◆ Work instructions
Restate the listing below word for word; no picture is to be carried over.

◆ Source material
════════════════
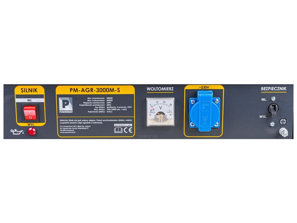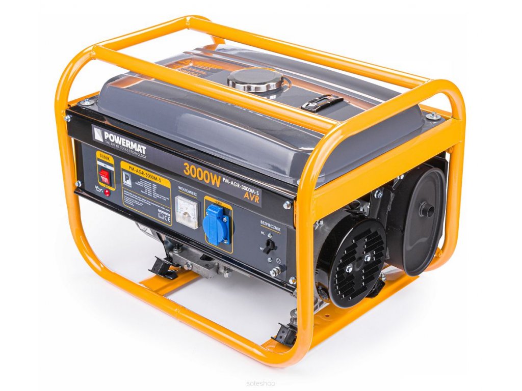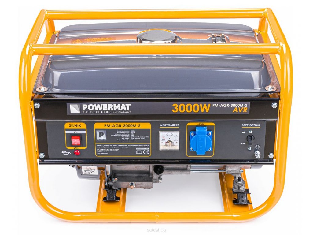 Generátor proudu elektrocentrála 3000W PM-AGR-3000M-S - Powermat PM1137 vyrábí proud o napětí 230 V (1 zásuvka). Ideální řešení při výpadku proudu v terénu. Je vybaven voltmetrem a pojistkami. Generátor má čidlo hladiny oleje, které automaticky vypne motor v případě příliš nízké hladiny oleje. Spouštění generátoru je manuální - pomocí šňůry. Generátor se používá v řemeslných pracích, stavebnictví, na pozemcích a v zahradách pro práci s elektrickými nářadími, čerpadly, osvětlením.
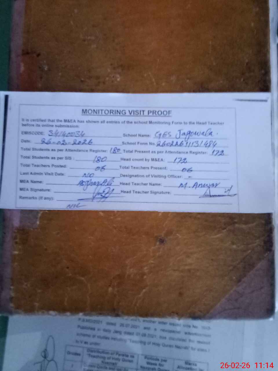 | Attendance Register | Head Teacher | MEA with School | Visit Proof |
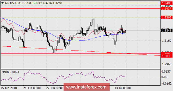 На четырёхчасовом графике цена закрепилась над голубой трендовой линией, осциллятор Марлин разворачивается от нулевой граничной линии вверх. Ближайшей целью фунта становится максимум от 9 июля на уровне 1.3362. Пробитие уровня откроет вторую цель – диапазон 1.3437/83.
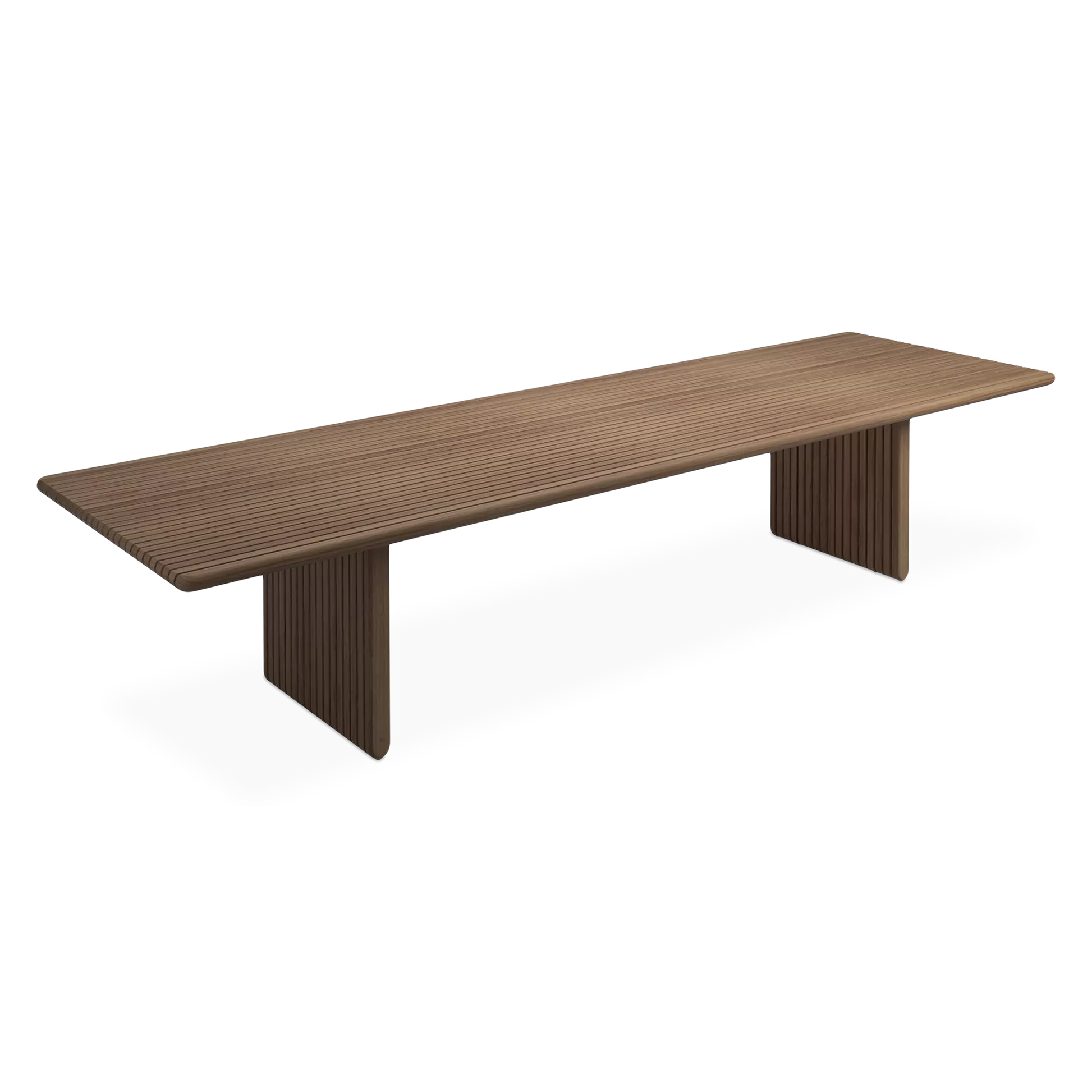 Clin d’œil aux ponts de bois des voiliers d’autrefois, cette table est uniquement fabriquée à partir de lattes de teck massif, du plateau à ses deux pieds. Sa longueur de 365 cm peut accueillir 12 personnes. Simple, élégante, harmonieuse, elle saura prendre sa place sur votre terrasse en toute discrétion. Habillez-la de chaises en corde pour accentuer son inspiration nautique ou de modèles minimalistes en aluminium pour un look urbain.
════════════════
◆ Answer space
 Generátor proudu elektrocentrála 3000W PM-AGR-3000M-S - Powermat PM1137 vyrábí proud o napětí 230 V (1 zásuvka). Ideální řešení při výpadku proudu v terénu. Je vybaven voltmetrem a pojistkami. Generátor má čidlo hladiny oleje, které automaticky vypne motor v případě příliš nízké hladiny oleje. Spouštění generátoru je manuální - pomocí šňůry. Generátor se používá v řemeslných pracích, stavebnictví, na pozemcích a v zahradách pro práci s elektrickými nářadími, čerpadly, osvětlením.
 | Attendance Register | Head Teacher | MEA with School | Visit Proof |
 На четырёхчасовом графике цена закрепилась над голубой трендовой линией, осциллятор Марлин разворачивается от нулевой граничной линии вверх. Ближайшей целью фунта становится максимум от 9 июля на уровне 1.3362. Пробитие уровня откроет вторую цель – диапазон 1.3437/83.
 Clin d’œil aux ponts de bois des voiliers d’autrefois, cette table est uniquement fabriquée à partir de lattes de teck massif, du plateau à ses deux pieds. Sa longueur de 365 cm peut accueillir 12 personnes. Simple, élégante, harmonieuse, elle saura prendre sa place sur votre terrasse en toute discrétion. Habillez-la de chaises en corde pour accentuer son inspiration nautique ou de modèles minimalistes en aluminium pour un look urbain.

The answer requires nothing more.